## Prompt:
Nothing but the lines from the first line of the material below through the line that holds "今天我要讲的宋金和先生正是最" should be set down, exactly and with pictures left out.
*** Opening of The input ***
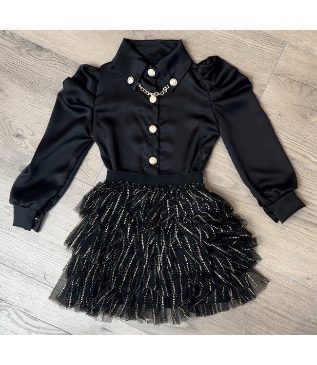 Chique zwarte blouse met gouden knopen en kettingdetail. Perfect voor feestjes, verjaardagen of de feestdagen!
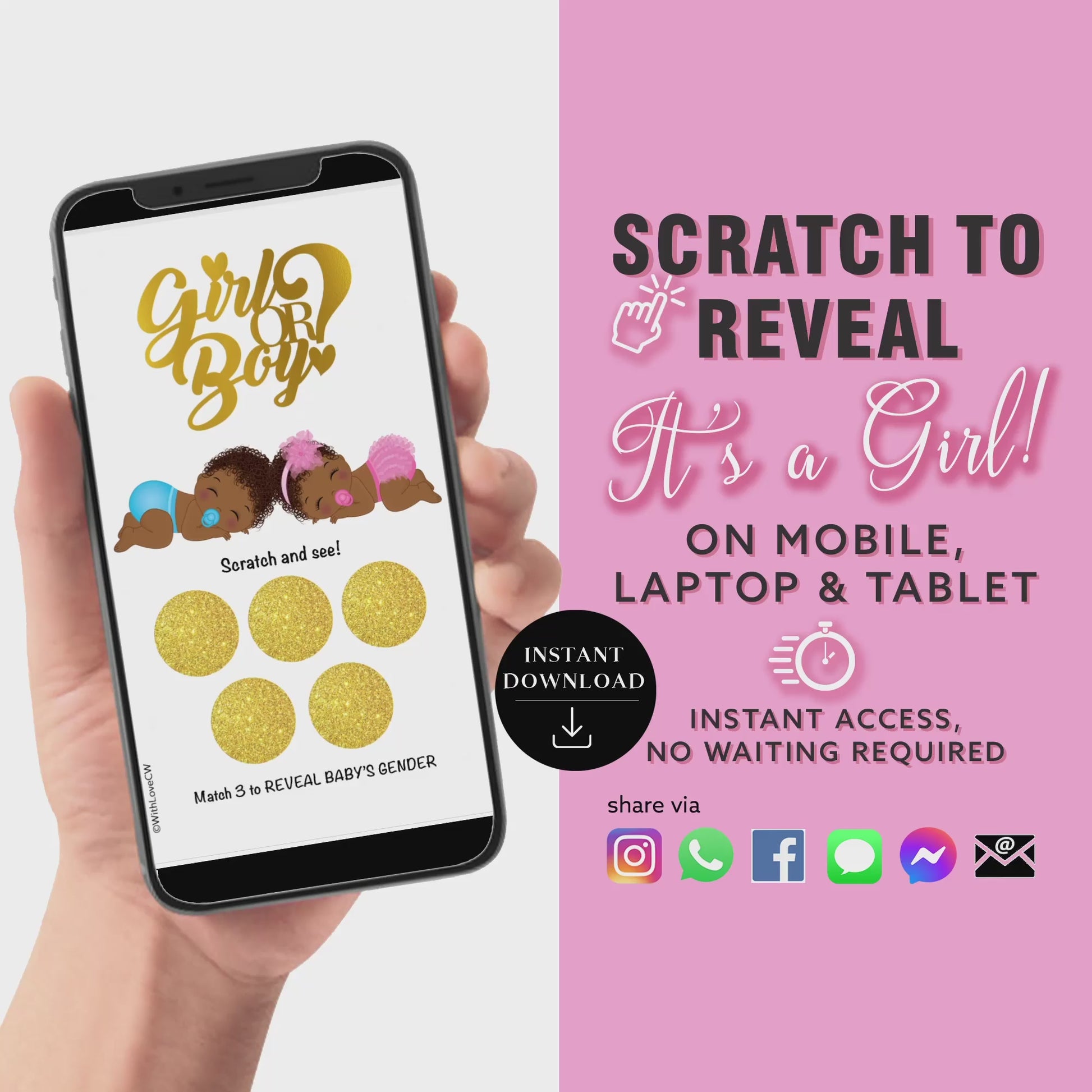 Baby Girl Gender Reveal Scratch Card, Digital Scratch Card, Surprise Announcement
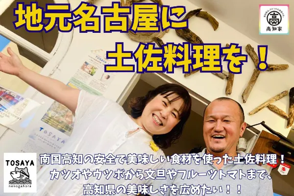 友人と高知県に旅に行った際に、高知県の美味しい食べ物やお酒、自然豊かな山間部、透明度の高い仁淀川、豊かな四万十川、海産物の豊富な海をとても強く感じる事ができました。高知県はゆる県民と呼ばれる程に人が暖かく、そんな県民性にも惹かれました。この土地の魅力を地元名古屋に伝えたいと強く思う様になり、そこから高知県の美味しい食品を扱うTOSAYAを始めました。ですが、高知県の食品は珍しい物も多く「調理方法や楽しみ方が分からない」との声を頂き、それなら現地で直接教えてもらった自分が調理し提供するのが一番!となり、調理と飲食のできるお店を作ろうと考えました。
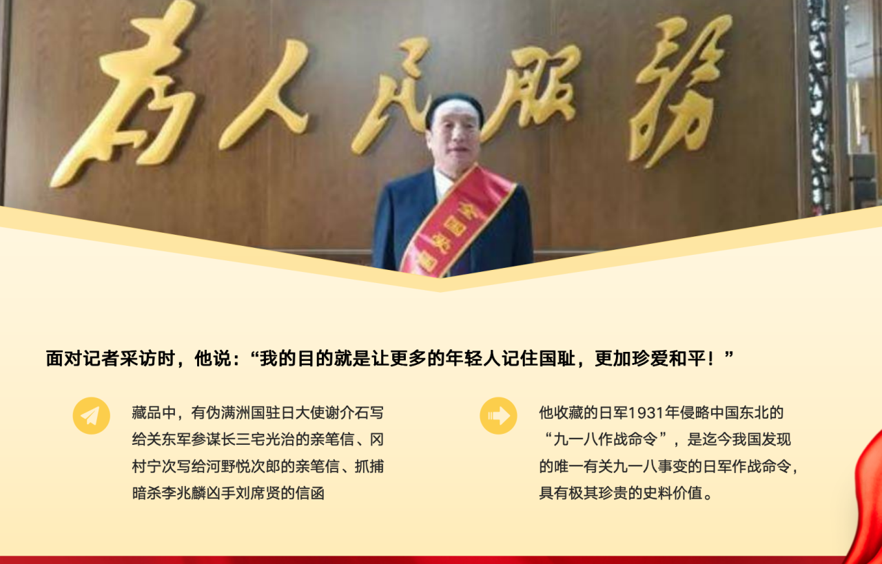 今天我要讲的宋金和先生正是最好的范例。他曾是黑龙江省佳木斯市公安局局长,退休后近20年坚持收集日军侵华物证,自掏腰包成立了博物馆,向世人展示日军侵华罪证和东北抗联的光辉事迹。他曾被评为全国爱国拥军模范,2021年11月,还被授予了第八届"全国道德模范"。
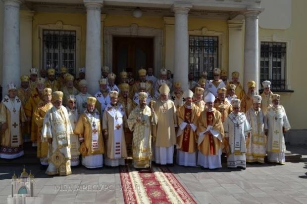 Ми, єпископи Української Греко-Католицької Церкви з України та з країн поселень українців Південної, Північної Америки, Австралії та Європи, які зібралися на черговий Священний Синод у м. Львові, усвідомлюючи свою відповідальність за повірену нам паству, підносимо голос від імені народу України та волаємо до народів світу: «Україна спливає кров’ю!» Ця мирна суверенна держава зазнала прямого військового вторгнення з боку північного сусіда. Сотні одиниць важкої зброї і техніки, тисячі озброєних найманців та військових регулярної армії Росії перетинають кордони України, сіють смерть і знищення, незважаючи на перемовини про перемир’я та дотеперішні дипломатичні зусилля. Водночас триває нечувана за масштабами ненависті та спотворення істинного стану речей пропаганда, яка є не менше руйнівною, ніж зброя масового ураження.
*** Close of The input ***
## Result:
 Chique zwarte blouse met gouden knopen en kettingdetail. Perfect voor feestjes, verjaardagen of de feestdagen!
 Baby Girl Gender Reveal Scratch Card, Digital Scratch Card, Surprise Announcement
 友人と高知県に旅に行った際に、高知県の美味しい食べ物やお酒、自然豊かな山間部、透明度の高い仁淀川、豊かな四万十川、海産物の豊富な海をとても強く感じる事ができました。高知県はゆる県民と呼ばれる程に人が暖かく、そんな県民性にも惹かれました。この土地の魅力を地元名古屋に伝えたいと強く思う様になり、そこから高知県の美味しい食品を扱うTOSAYAを始めました。ですが、高知県の食品は珍しい物も多く「調理方法や楽しみ方が分からない」との声を頂き、それなら現地で直接教えてもらった自分が調理し提供するのが一番!となり、調理と飲食のできるお店を作ろうと考えました。
 今天我要讲的宋金和先生正是最好的范例。他曾是黑龙江省佳木斯市公安局局长,退休后近20年坚持收集日军侵华物证,自掏腰包成立了博物馆,向世人展示日军侵华罪证和东北抗联的光辉事迹。他曾被评为全国爱国拥军模范,2021年11月,还被授予了第八届"全国道德模范"。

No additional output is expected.